Pour Philippe Meirieu, ce déterminisme de l'orientation, qui vise à enfermer les personnes dans des grilles en fonction de leur formation initiale et de leurs compétences acquises dans le passé, relève quasiment de l'irrationnel ! “Orienter selon ces schémas revient presque à prendre en compte le signe zodiacal de chaque individu pour repérer son destin potentiel dont il ne pourra jamais dévier, a ironisé cet universitaire. À l'heure de la science triomphante, ce n'est pas très sérieux !"
“Une orientation réussie s'effectue en trois étapes"
Selon le vice-président du Conseil régional, les mutations économiques et sociologiques de la société française ont pour conséquence de ne plus envisager l'orientation comme un début de parcours, mais comme une trajectoire qui balisera chaque instant de la vie. “Une orientation réussie s'effectue en trois étapes, a-t-il précisé. L'accueil est le point le plus important. Il ne s'improvise pas et ne consiste pas qu'à recevoir des gens dans un bureau. C'est l'étape fondamentale du parcours de l'orientation." Viennent ensuite la formalisation des besoins et, enfin, la régulation de ces derniers en vue d'offrir la formation la plus adaptée non seulement à l'individu, mais aussi au tissu économique local. “Tout est question de choix, mais dans ce cas, nous travaillons sur des paradoxes : personne ne sait si son choix sera le bon avant qu'il n'ait eu l'occasion de l'effectuer et d'en assumer les conséquences.

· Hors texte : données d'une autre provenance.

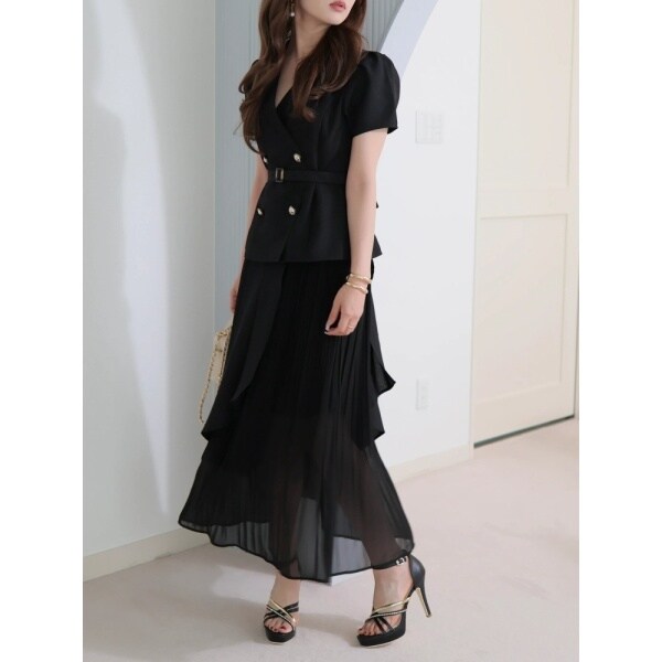 ジャケットレイヤードプリーツワンピース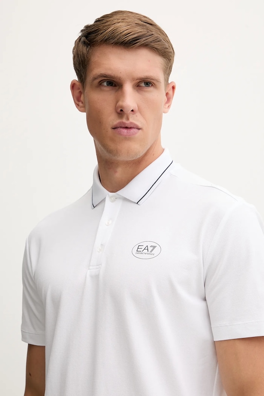 Эта рубашка-поло из коллекции EA7 Emporio Armani выполнена из слегка эластичного трикотажа. Модель выполнена из исключительно комфортного материала с высоким содержанием хлопка. - Обычная посадка. - Мягкий воротник и короткая планка с пуговицами. - Тонкий, слегка эластичный трикотаж. - Длина: 68 см. - Ширина под мышками: 56 см. - Размеры указаны для размера: M.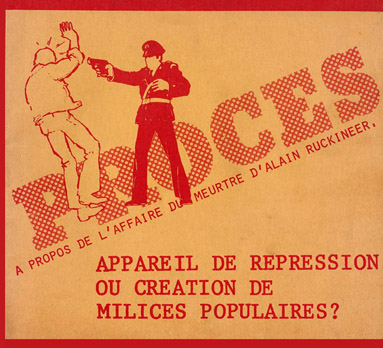 Suite au meurtre par la police d’Alain Ruckineer, sont ici « revendiquées », entre autres loufoqueries, la dissolution de la gendarmerie et le désarmement de la police ; la création de clubs sportifs gratuit où la population peut s’entraîner physiquement ; le remplacement de l’armée de métier par une armée de miliciens recevant une formation militaire et l’organisation de milices populaires : le tout, bien entendu, dans le cadre du système capitaliste !

Or, parfois, cette liberté peut effrayer et certaines personnes se sentent plus rassurées lorsque leur orientation est effectuée de manière mécanique, selon des grilles et des tableaux", a-t-il regretté.
Ne pas créer de “métastructures"
Il n'en demeure pas moins qu'à ses yeux, la formation et l'orientation tout au long de la vie comportent des exigences relevant du politique : “Un vrai service public de l'orientation exige une solidarité complète entre tous les acteurs de la cité, a-t-il souligné, la mutualisation entre l'État, les Régions et le tissu associatif local sont essentiels. Il nous faut développer des partenariats multipartites entre ces entités, sans qu'ils ne soient trop formels non plus car, en ce cas, ils se transforment en métastructures institutionnelles qui ne disposent que de peu de marge de manœuvre pour appliquer les actions décidées."
Davantage que tout, le service public de l'orientation doit, selon les termes de l'élu régional, reposer sur un maillage de terrain, au plus près des territoires, de leurs ressources et de leurs besoins. “Le service public de l'orientation doit rester le tisserand de cette dentelle territoriale", a-t-il conclu.